▶ [EXERCISE]: Copy the listing exactly; drop the pictures.

▶ [RECORDED DATA]:
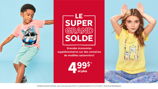 Ne manquez pas le super grand solde Carter's! Grandes économies supplémentaires sur des centaines de modèles pour l'été: hauts, shorts, robes, maillots et plus encore!
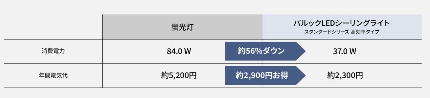 ※1:当社2010年発売100形ツインパルック蛍光灯器具(HHFZ4340)と2021年発売LEDシーリングライト(HH-CG1234A)との比較を参考として表記。100形ツインパルック蛍光灯器具(HHFZ4340)は生産完了。電気料金は、1日5.5時間、年間2,000時間使用。電力量目安単価31円/kWh(税込)[2022年7月改訂]で計算。当社調べ。使用条件により変わることがあります。
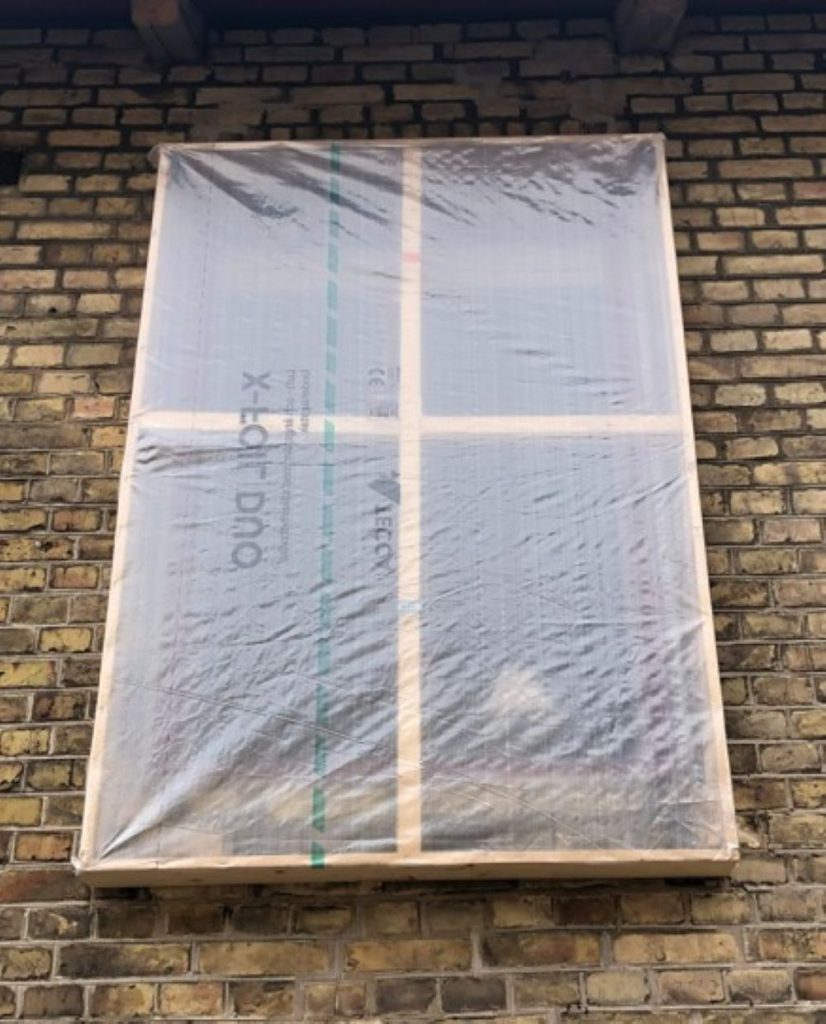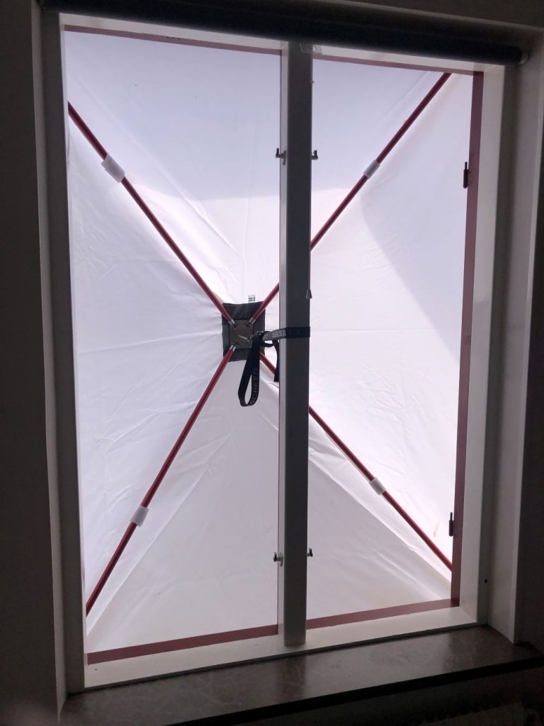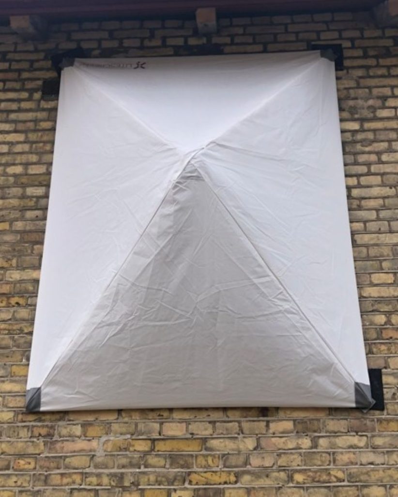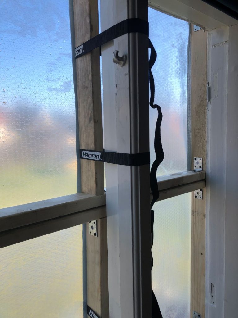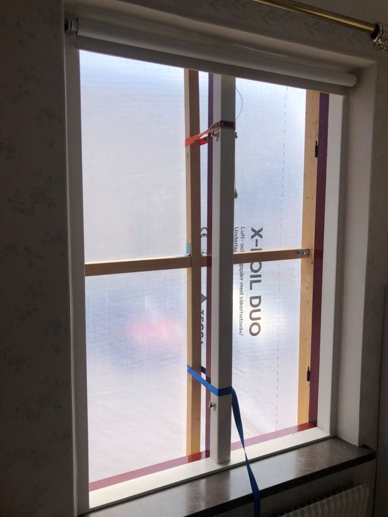 För det tredje: Vanlig byggplast fungerar inte att spika eller häfta fast så att det håller. Detta eftersom plasten inte är armerad, vilket gör att den kommer lossna från karmen så snart det börjar blåsa. Köp istället säkerhetsväv på din lokala byggfirma och häfta fast med häftpistol. Får du inte tag på säkerhetsväv är alternativet att själv armera den plast du har med hjälp av silvertejp/gaffatejp.

▶ [TASK RESPONSE]:
 Ne manquez pas le super grand solde Carter's! Grandes économies supplémentaires sur des centaines de modèles pour l'été: hauts, shorts, robes, maillots et plus encore!
 ※1:当社2010年発売100形ツインパルック蛍光灯器具(HHFZ4340)と2021年発売LEDシーリングライト(HH-CG1234A)との比較を参考として表記。100形ツインパルック蛍光灯器具(HHFZ4340)は生産完了。電気料金は、1日5.5時間、年間2,000時間使用。電力量目安単価31円/kWh(税込)[2022年7月改訂]で計算。当社調べ。使用条件により変わることがあります。
 För det tredje: Vanlig byggplast fungerar inte att spika eller häfta fast så att det håller. Detta eftersom plasten inte är armerad, vilket gör att den kommer lossna från karmen så snart det börjar blåsa. Köp istället säkerhetsväv på din lokala byggfirma och häfta fast med häftpistol. Får du inte tag på säkerhetsväv är alternativet att själv armera den plast du har med hjälp av silvertejp/gaffatejp.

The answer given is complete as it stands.